In a market sector defined to a great extent by technological advancement, it's hard to imagine any of Apple's rivals pushing back new frontiers with anything like the same kind of zeal - and there is perhaps a sense that, as games machines at least, there is some missed potential here. Even though Tegra 3 lacks 3D performance compared to the IMG tech in the iPad, it is clearly capable enough for current mobile gaming - but next year, everything changes. The same 28nm chip production technology that makes the next-gen consoles possible, and that has made NVIDIA's Kepler GPUs so powerful and efficient, will also reach mainstream mobile production.
Tegra 3 will be superseded by NVIDIA's Project Wayne - said to offer a whole new level of graphical performance, offering a real challenge to performance leaders IMG. At the higher end of the scale, Intel's next CPU - which could well end up in a second-gen Surface Pro - is believed to offer a 2x to 3x graphical boost over the current HD4000 tech. Based on our recent integrated graphics testing, conceivably we could see Battlefield 3 and Crysis 2 running at 60 frames per second - on a tablet.
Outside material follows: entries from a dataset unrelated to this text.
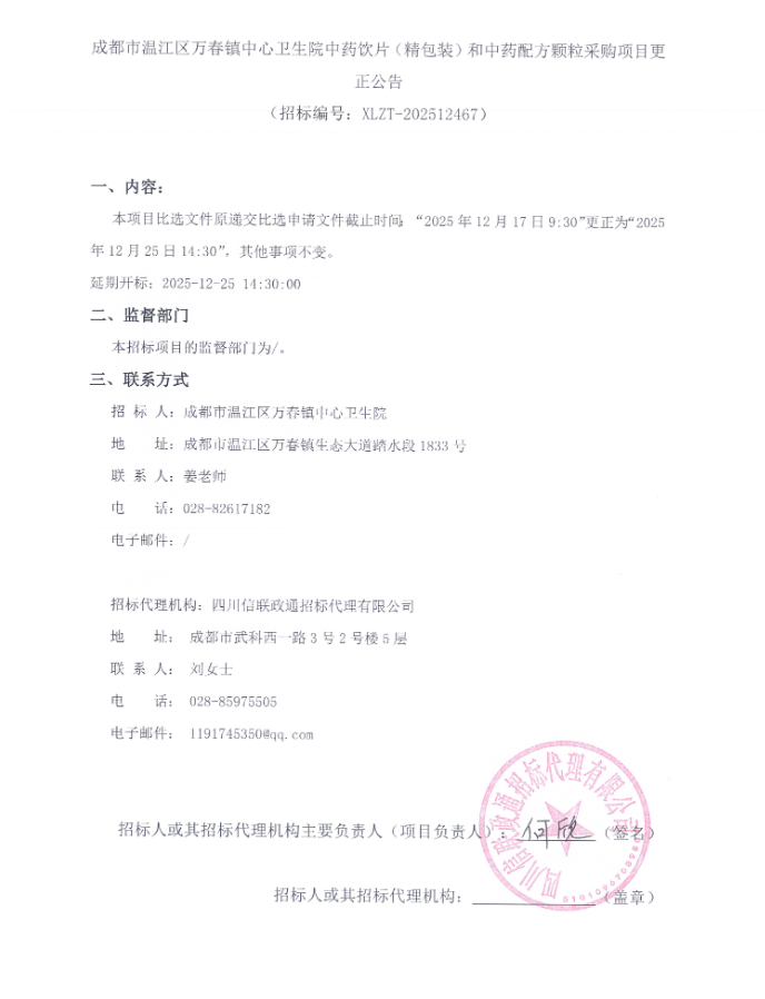 【成都市温江区万春镇中心卫生院】四川省成都市温江区万春镇中心卫生院中药饮片(精包装)和中药配方颗粒采购项目更正公告
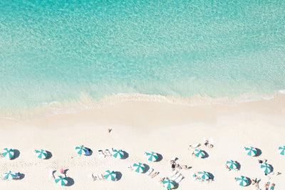 The aqua ocean waters perfectly complement the colorful umbrellas in TEAL UMBRELLAS, BAHAMAS, a vibrant fine art photography print from Gray’s beloved À la Plage series. This image brings a tropical escape to your home, ideal for creating a relaxing atmosphere.
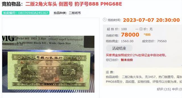 在7月上的拍卖会中,有一张火车头2角纸币拍出了79560,这种2角纸币不知道你家里是否还能找到,火车头2角纸币就是1953年的2角纸币,这种老纸币是二版币中的一员,它在1971年就只收不付了。 所以它在家中还是比较难找到的,它自然也拥有了非常高的市价,从目前的表现来看,一张全新的火车头的2角纸币,市价已经是可以超过2000了,而如果是已经比较旧的纸币,比如图片中这种品相的,币商的报价也达到了980。
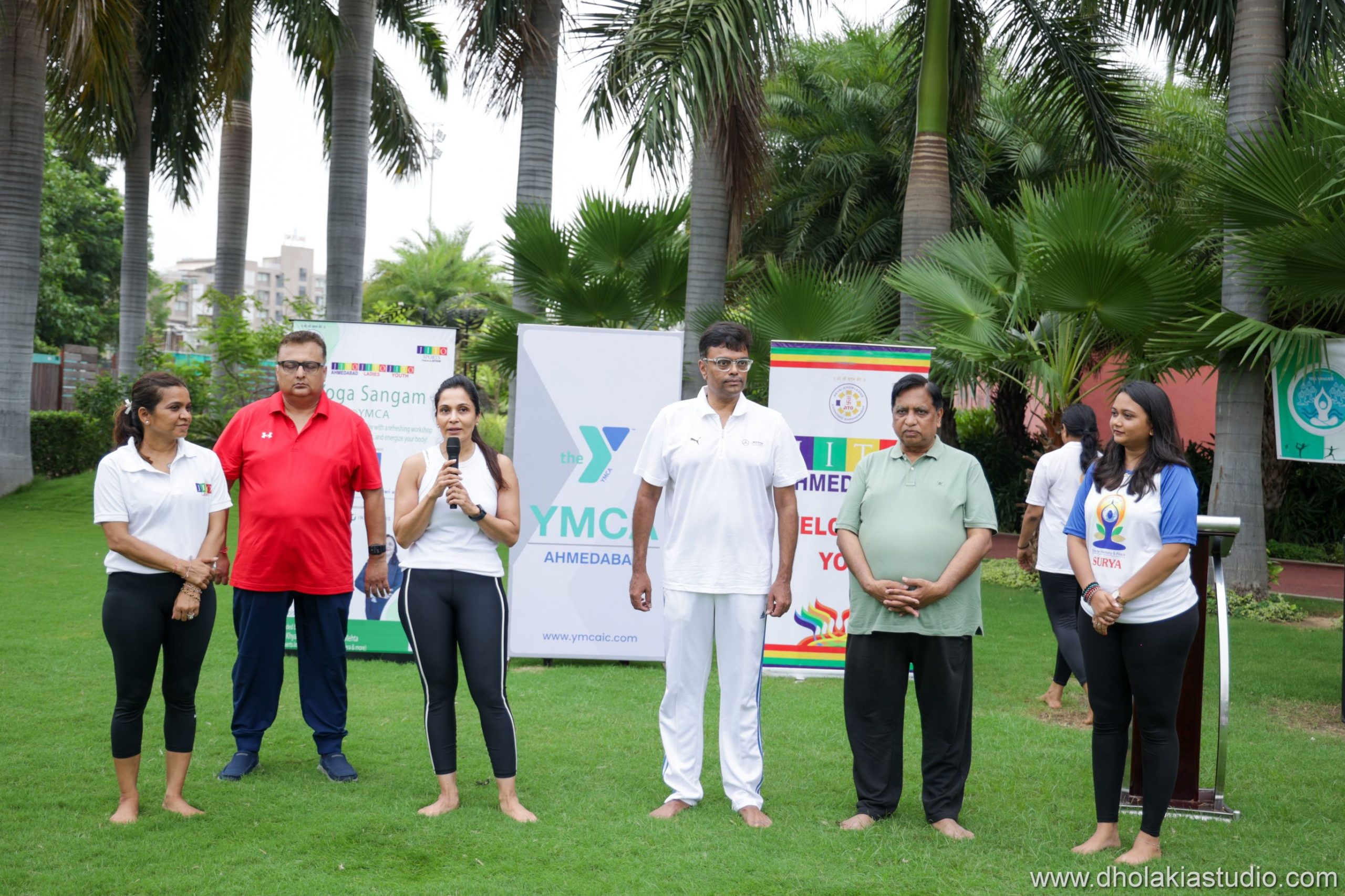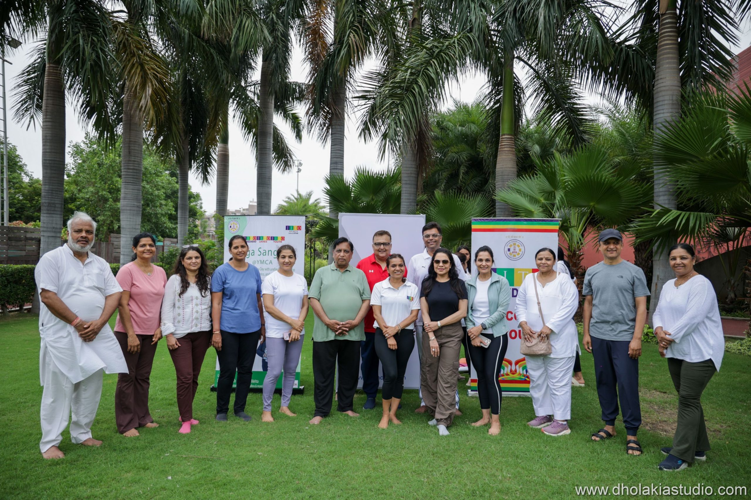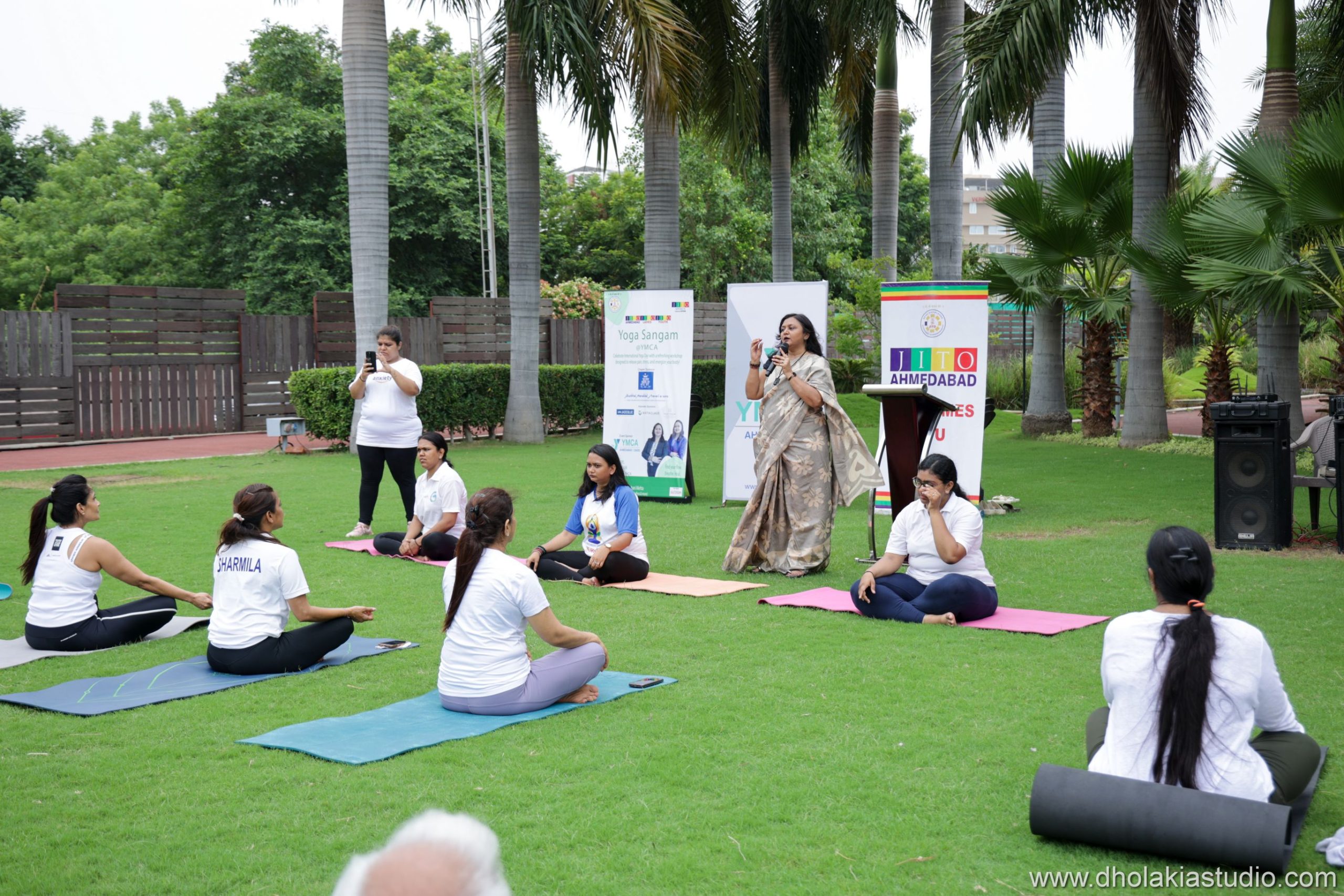 On the occasion ofInternational Yoga Day,JITO Ahmedabad, in collaboration with theJITO Ladies WingandJITO Youth Wing, successfully organized“Yoga Sangam @ YMCA”on Saturday, 21st June, from 8:00 AM to 9:00 AM at the serene Poolside Lawn ofYMCA Oasis, Ahmedabad. The event was a vibrant celebration of health and inner well-being, drawing together more than 100 enthusiastic participants from the community.
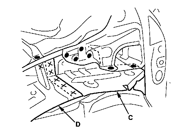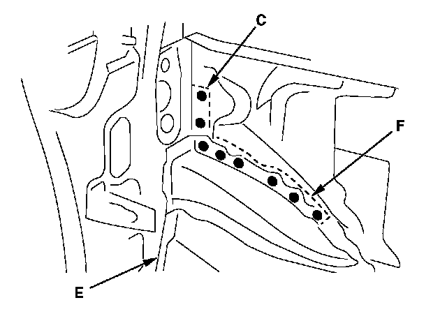 - From the passenger's side, plug weld the holes in the dashboard lower (E) and damper housing extension (F).
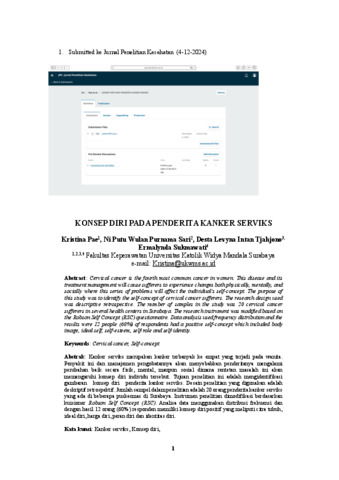 Pae, Kristina, Sari, Ni Putu Wulan Purnama, Tjahjono, Desta Levyna Intan and Sukmawati, Ermalynda KONSEP DIRI PADA PENDERITA KANKER SERVIKS. Jurnal Penelitian Kesehatan.
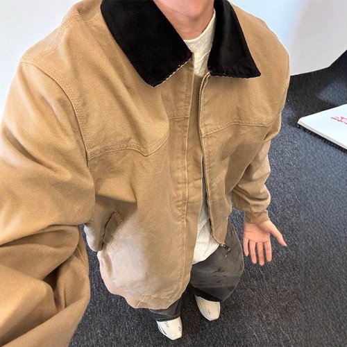 랩블루(LabBlue) 남성 아메리칸 빈티지 두꺼운 캔버스 코듀로이 카라 집업재킷 루즈핏 포켓자켓 2가지색 가을용
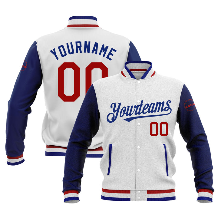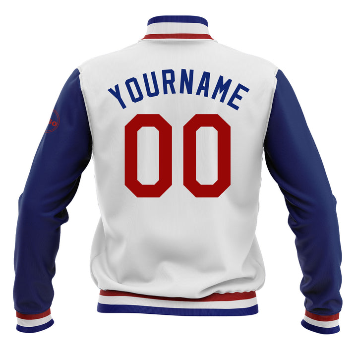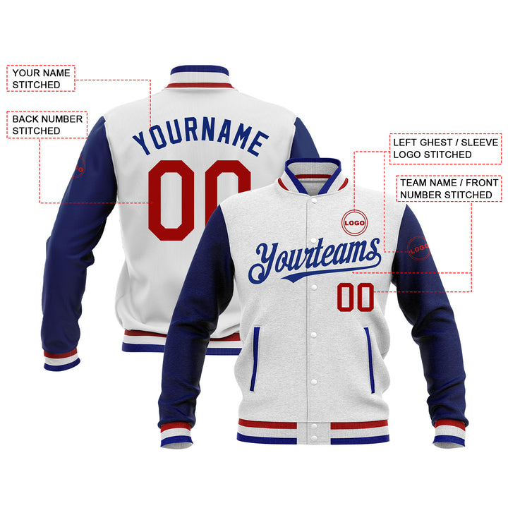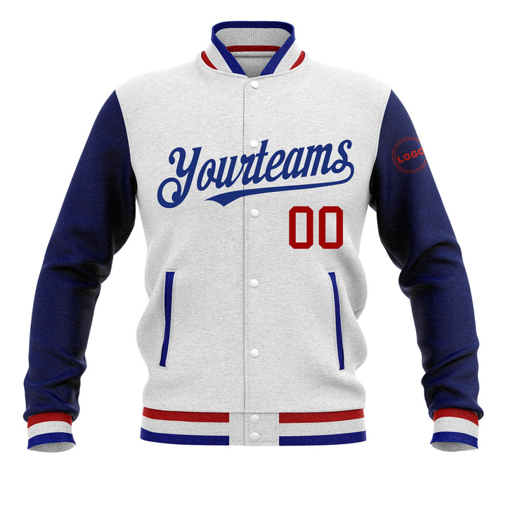 Custom White Red-Royal Classic Style Two Tone Bomber Varsity Letterman Embroidered Jacket
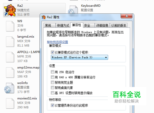 调节兼容,右键点击红警文件中的ra2.exe属性面板,点兼容性栏勾选兼容模式设置为window xp(Service Pack 3),并勾选以管理员身份运行,确定。
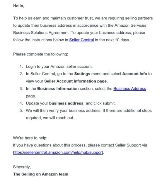 首先,卖家将会收到一封邮件(如下图),通知您开始验证地址信息/电话号码,且有3种可能发生的情况:①只需验证地址;②只需验证电话号码;③地址和电话号码均需验证。

But it's almost certain that Apple will take point on this new gaming revolution. Next year's iPad - hotly tipped to incorporate the new ARM Cortex A15 architecture and IMG's PowerVR Rogue chipset sees a leap in performance that should see the tablet's raw gaming potential reach and even exceed current-gen console levels, with the added benefit of DirectX 11-level GPU features. At that point, the platform becomes a viable target for AAA games development. Remember the first time you saw Infinity Blade on mobile? That is just a hint of where the platform could be heading - and while Google and Microsoft race to catch up with the current-gen iPad, once again it'll be Apple that pushes the game to the next level.